CLI-Anything Exposes a Structural Blind Spot: No Security Scanner Can Detect Malicious AI Agent Instructions

CLI-Anything, a tool from the University of Hong Kong’s Data Intelligence Lab that generates structured command-line interfaces for AI coding agents, has accumulated 30,000 GitHub stars since its March 2026 launch. It supports Claude Code, Codex, OpenClaw, Cursor, and GitHub Copilot CLI. On May 5, VentureBeat published an investigation revealing that the same mechanism powering CLI-Anything represents a structural gap no security tool currently addresses: malicious instructions embedded in agent skill definitions execute with full system privileges, and no mainstream scanner has a detection category for them.

The problem is not CLI-Anything itself. The problem is what CLI-Anything makes visible: an entire execution layer operating between source code and package dependencies where traditional security tooling has zero coverage.

Enterprise security stacks monitor two layers. Static application security testing (SAST) scans source code for injection flaws, hardcoded secrets, and insecure patterns. Software composition analysis (SCA) checks dependency versions against known vulnerabilities and generates software bills of materials. Both are mature, well-understood, and entirely irrelevant to how AI agents receive their operating instructions.

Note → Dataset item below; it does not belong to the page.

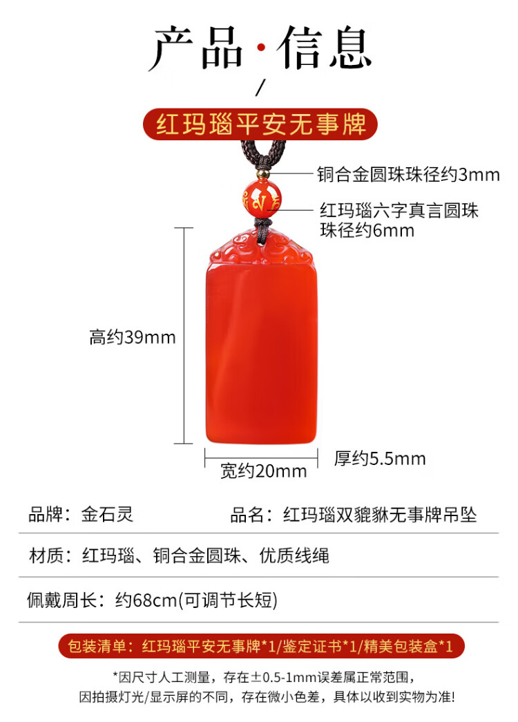 Gold stone spirit collection grade red agate pendant for men and women safe and sound brand amulet couple necklace birth year birthday gift

Agent bridge tools, including CLI-Anything, MCP connectors, Cursor rules files, and Claude Code skills, operate on a third layer. Cisco’s engineering team confirmed the gap in April: “Traditional application security tools were not designed for this. SAST scanners analyze source code syntax. SCA tools check dependency versions. Neither understands the semantic layer where MCP tool descriptions, agent prompts, and skill definitions operate.”

Merritt Baer, CSO of Enkrypt AI and former Deputy CISO at Amazon Web Services, told VentureBeat: “SAST and SCA were built for code and dependencies. They don’t inspect instructions.”

CLI-Anything generates SKILL.md files. These are markdown documents containing setup instructions, code examples, and configuration templates. Nothing in them is executable in the traditional sense. A code reviewer would approve them because they look like documentation. But an AI coding agent parses those same documents as operational directives and executes them with its own credentials, shell access, file system permissions, and messaging capabilities.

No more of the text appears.